Cicerón habló de las fatales consecuencias para los pueblos de la desmemoria. Pero, también, del silencio cómplice: “Se falta a la verdad tanto con el silencio como con la mentira”. Por esto, hoy, hablo de un personaje que increíblemente sobrevivió al plomo de ETA, Carlos Iturgaiz, el silenciado, del que ya ni los suyos quieren acordarse.
¿La merecida muerte de Blesa?
Sí. Miguel Blesa no pasará a la Historia como uno de los suicidas más notables. Aunque sí podría estar si se hiciera una buena investigación y comprobáramos que su desdichada e inmoral gestión al frente de Caja Madrid condujo a la muerte a muchos pobres ahorradores engañados.
Hizo méritos para descansar en paz quien tanto dolor provocó en el segundo corazón de miles de españoles: el corazón del bolsillo.
Su muerte ha sido menos poética que la de Virginia Wolf o la de Alfonsina Storni. Ni se colmó los bolsillos de piedras para ahogarse –a los sumo, de dinero-, como la inglesa, ni se arrojó desde un precipicio en busca de nuevos poemas, como la argentina. Blesa se llenó el corazón de plomo de un disparo y se precipitó desde el capó del coche hasta caer muerto en una finca de caza.
Al conocer la muerte de Blesa, mi pensamiento circular, más que rectilíneo, me condujo a recordar dos datos sobre el personaje. El primero lo cuenta Aznar en sus Memorias, cuando se jugó a cara o cruz un piso en Logroño con Blesa, al coincidir allí como inspectores de Hacienda. El expresidente lo narra así: “Todo era fácil, era sencillo. Nos pusimos a buscar casa y muy pronto encontramos dos pisos en el mismo edificio en el centro de la ciudad. Uno tenía mejores vistas que el otro. Como Miguel Blesa y su mujer, María José Portela, también estaban buscando piso, decidimos tirar una moneda al aire para ver quién se quedaba con el mejor. Tuvimos más suerte nosotros”. A algunos la buena y la mala suerte nunca les abandona.

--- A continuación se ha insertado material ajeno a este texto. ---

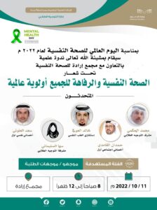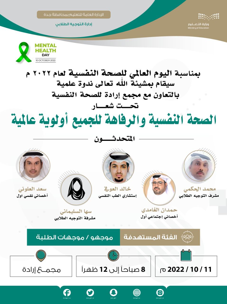 تحت شعار جعل الصحة النفسية والرفاهية للجميع أولوية عالمية دشن مجمع إرادة والصحة النفسية لخدمات إرادة بجدة فعالية اليوم العالمي للصحة النفسية 2022م الذي يصادف العاشر من أكتوبر عبر حملة ومجموعة من الفعاليات والمحاضرات والندوات والمعارض الميدانية الداخلية والخارجية بالتعاون مع العديد من الجهات والمنشآت الحكومية ومنها تعليم جدة والمديرية العامة لحرس الحدود والشؤون الإجتماعية وغيرها بهدف التعريف بشعار العام وأن السعادة والرفاهية هي السلوك الأبرز والأهم في ظل المتغيرات والمؤثرات والتحول الذي يطرأ على الفرد والأسرة والمجتمع والعمل على ترسيخ الخطوات التوعوية والتثقيفية والترفيهية والعلاجية المناسبة لمواكبة المحافظة على الطرق المناسبة لضمان الأمان والإستقرار المجتمعي.

El segundo dato de Blesa es más íntimo y personal. Algunos cofrades penitentes de la espalda entendimos como nadie a Miguel Blesa cuando se quejó de que el coche de 500.000 euros que Caja Madrid compró para su presidente no era nada confortable. Blesa se sometió a una artrodesis lumbar, con la fijación de varias vértebras y la utilización de, al menos, seis tornillos dispuestos sobre dos anclajes laterales. El doctor Fernando Álvarez Sala le operó en el Ruber Internacional, el hospital preferido de Aznar.
Los clavos fue lo único que quedó de Blesa tras su cremación en Córdoba. En términos de capital, muy poca cosa para todo lo que hizo, tuvo y dejó a deber.